Students set 21 new records, with nine of these coming from Brigidine College, Randwick.
The college also took home the overall championship title for schools’ girls’ competition.

Students are pushing themselves as hard as they can to progress to the next stage of the competition, hoping to land a place in the Sydney Swimming Championships on the 25 March.

Only two students (the first and second winners) from each event can move forward.
Students in Conferences 1 and 2 have already completed their competitions, with conferences 3 and 4 still to go in narrowing down the best swimmers across the Sydney Catholic Schools network.

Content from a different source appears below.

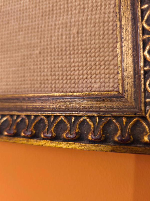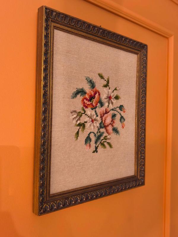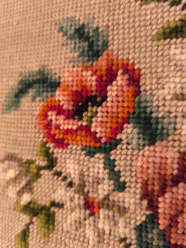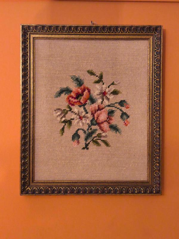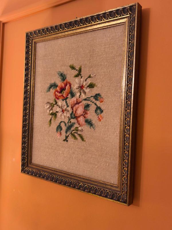 Ahşap el oyma çerçevesinde. Komple el işi goblen işleme tablo. Yaşlı diri naif havalı. uyguna.. 31x37 cm

With students gaining determination and training harder year after year, it is no surprise that the Conference 1 and 2 competitions have seen multiple records being smashed.

Forty-four records were broken at the Conference 2 competition, yet one student shined through.

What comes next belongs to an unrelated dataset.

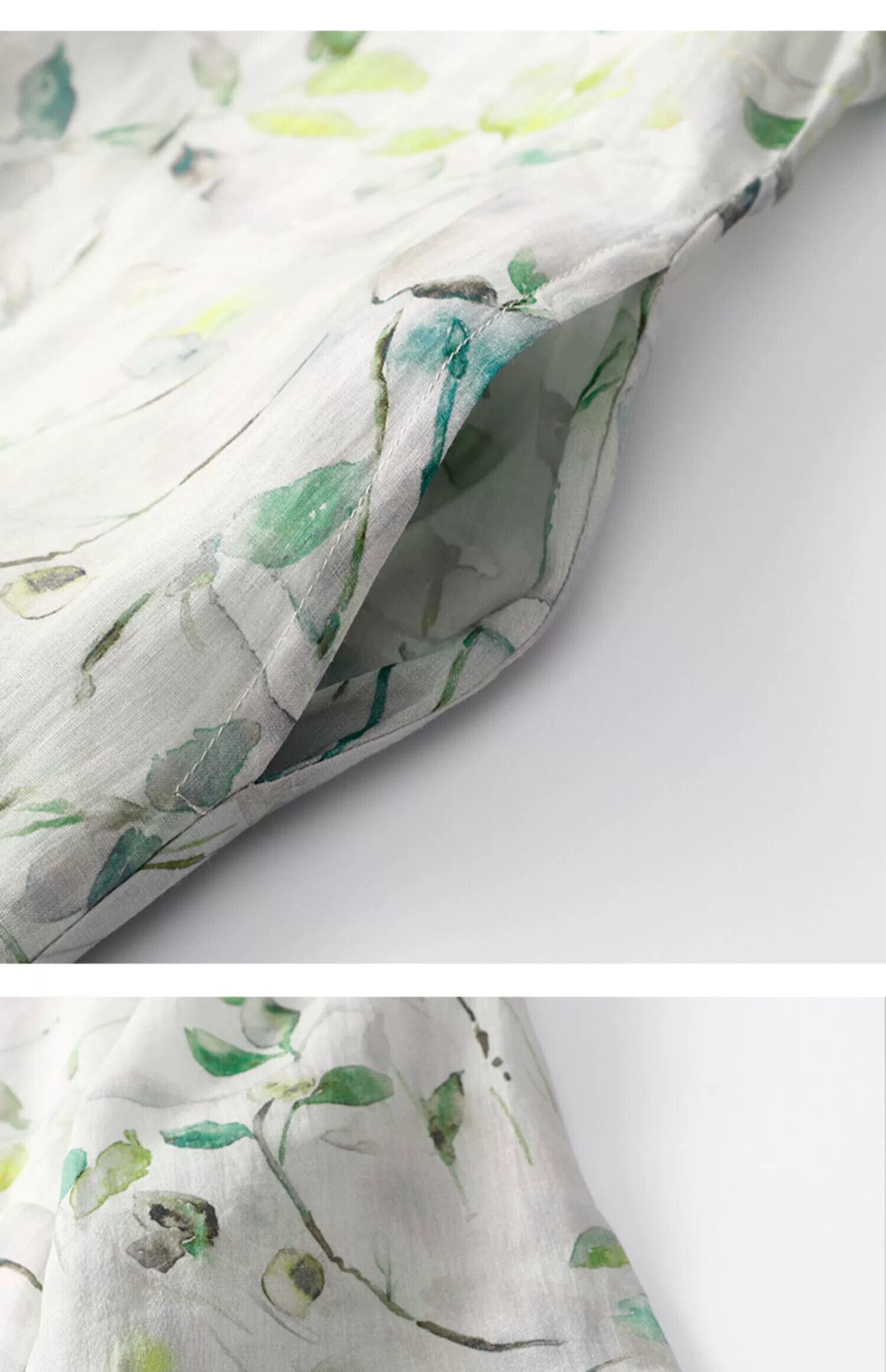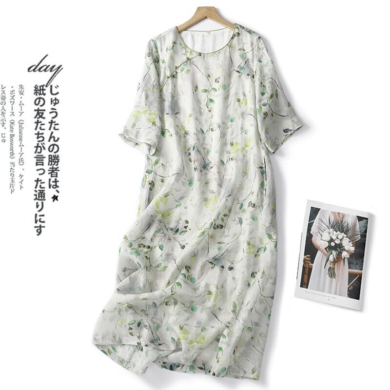 クリアランスカウンター最後の在庫の女性の中国風花柄斜め前立てチャイナドレスルーズコットンとリネン半袖ドレス sine74966972569

Chloe Joh from Marist Sisters College, Woolwich, broke four records in the girls’ 12-year-old age group.

She set a new bar for 50 metre freestyle at 29.52 seconds, 50 metre butterfly at 32.08 seconds, 50 metre breaststroke at 38.97 seconds, and aided in a team record for the 200 metre freestyle relay, at 2:01 seconds.

Chloe also received the 12 Year Girls Age Champion Medal as a result of her incredible achievement of winning gold in all 12 events she competed in.

Chloe has been swimming since she was six years old and trains at least 18 hours in a typical week.

And the work pays off. Last year she won the silver medal at the School Sports Australia competition for breaststroke, an accomplishment she reflects proudly on.

“My coach has always pushed me to train harder and I have always had a dream to become an Olympian one day” she said.

“I felt extremely proud of myself last week,” she added.

“I also felt relieved because my first Conference 2 swimming carnival was over and now, I can focus on the pathway hopefully to Schools Sports Australia.”